Wednesday, April 23, 2014

ESTATE SALE! Today 10am-3pm



Little old ladies wonder the vast street shuttling floor lamps, empty picture frames, and souvenir tchochkes to their cars lining the road.  There’s a man bartering unnecessarily over a $2 pan in the garage.  The sleeves on his flannel shirt are at least three inches too short.  In the living room, a professional-looking couple evaluate an end table.  I’d love to tell them what my cousin did on that piece of furniture about ten years ago, but I don’t.  I wave to my uncle.  He’s eating a half-wrapped fast food burger.  “Hey, here’s da paperwork.  That should be ‘bout it.”  I hand over the documents and he scrutinizes them.

After Grandpa died, relatives swarmed and started to bicker.  I’ve been couch surfing since my uncle moved in “to take care of things.”  When I moved out, he oversaw my packing to make sure I didn’t take anything of value.  The whole bunch of them act like Grandpa was a noble member of the ancient landed gentry or something.  I’ve seen the finances and no one seems to believe me when I tell them “there’s nothin’ ta fight over.”  That just leads to my aunts accusing me of stealing some mythical treasure chest secretly buried under one of the rose bushes.  So, when everyone moved in, I moved out.

“Where ya off ta now?”  My uncle crams the last quarter of the burger in his mouth.  The grease on his fingers notarize each document in his filthy hands.

“Uh, not sure yet.  But, I’ll give ya my contact info when I know.”

“Why?”

“Mmm…” Good question.  “Just in case, I guess.”  No longer interested in our conversation, he starts harassing some woman who is apparently touching the cheap flatware too much.

I take one last look around the house.  How many nights did I fall asleep on the floor gorging on popcorn drenched in butter?  We’d watch old Westerns where “good” always triumphs.  A grizzled man lugs up a toolbox that’s been in our family for five generations.  It’s labeled “$3.”  Most of the rooms are bare and echo with the slightest sound.  The vultures circle around the last bits of the estate.  They tear and gnaw at anything of perceived value.  It is what it is.

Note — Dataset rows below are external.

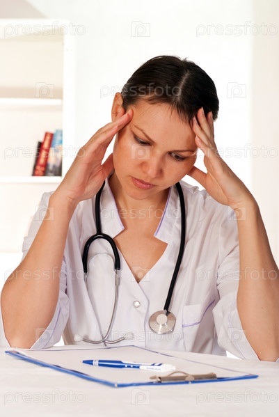 Задумчивая женщина-врач в кабинете
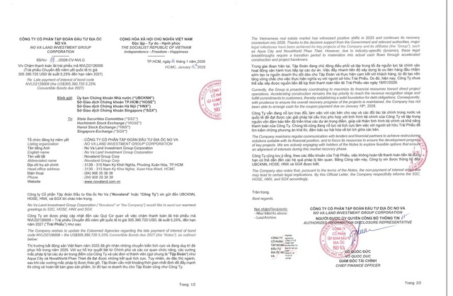 Công ty cũng lưu ý rằng, theo các điều khoản của trái phiếu, việc không hoàn tất thanh toán tiền lãi đúng hạn có thể dẫn đến các hệ quả pháp lý liên quan.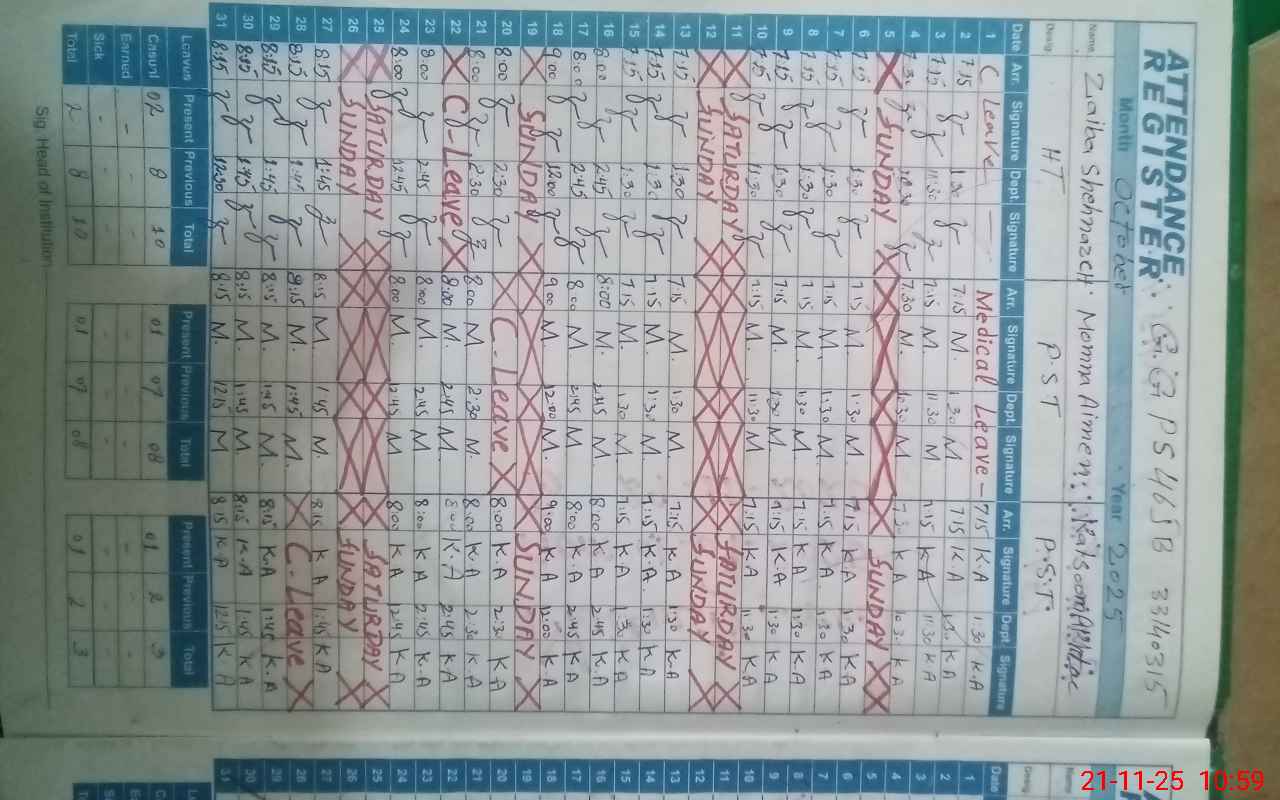 | Name: Ze**** Sh**** Designation: (School Headmaster's/Headmistress's) PST Phone/Cell Number: 03**** |

Exiting the propped open front door, I park my ass on the stoop.  I’m not quite ready to leave.  The intensity of the sun beats down with a blistering heat.  It’s been a long, dry summer that has scorched this once beloved lawn.  “1…  2…  3…  Rrr!”  Down the street, a couple of scrawny kids heave my old amp into the back of their pick-up.  I stand up almost in protest.  They toss my guitar into the back and take off.  I’m done.  The golden grass of the subdivision crunches under my feet as I lazily drag my shoes to Main Street.

Sometimes, I feel like I’m meant for something if only I knew what.  The speed limit is only 35 mph, but I watch as almost every vehicle does at least 50 on this country highway converted into a sprawl collector road.  What are they in a hurry to get to?  I have no place to go.  I take a seat on the curb at the gas station on the corner of Brown Boulevard.  A grey box covered in beer and cigarette ads.  Again, I’m asking, “what should I do?”

“Nice shirt,” says a young man in a hoodie and punk band t-shirt.  He packs his cigarettes as he rests against his rented moving truck.  “Didja make it yerself?”

“Yeah.  Thanks!”  He doesn’t seem eager to get back on the road.  “Where ya movin’ ta?”

“Ta Portland.  My friends say they can get me a job out there.  Had nothin’ else goin’ on, so I boxed up everythin’ ‘nd took off.  Whadda ‘bout you?  Goin’ somewhere?”

“Umm…  Yeah.”

“Cool.”  He reaches through the moving truck window and grabs an energy drink.  “Where ya headin’?”

“Haven’t figured that out yet.”

“Really?  Well, if ya wanna ride with me, ya can.  I could use da company ‘nd ya can get out at any time.  Gonna warn ya: this piece of shit doesn’t have a/c or a radio.”  He kicks the tire in contempt.

“Thanks, but I can’t afford da gas ‘nd all.”

“No worries.  I got that covered awready.”

“Are ya sure?”  He nods.  “Okay…” I brush myself off and climb into the passenger seat littered with all kinds of junk food.

“Let’s go!” and he peels out (as much as he can in this clunker) onto Main Street.  He cuts off a couple of cars.  “Don’t worry, I got da insurance on it.”  Black smoke billows out of the exhaust pipe as the engine trembles.  I keep my eyes on the endless prairie ahead.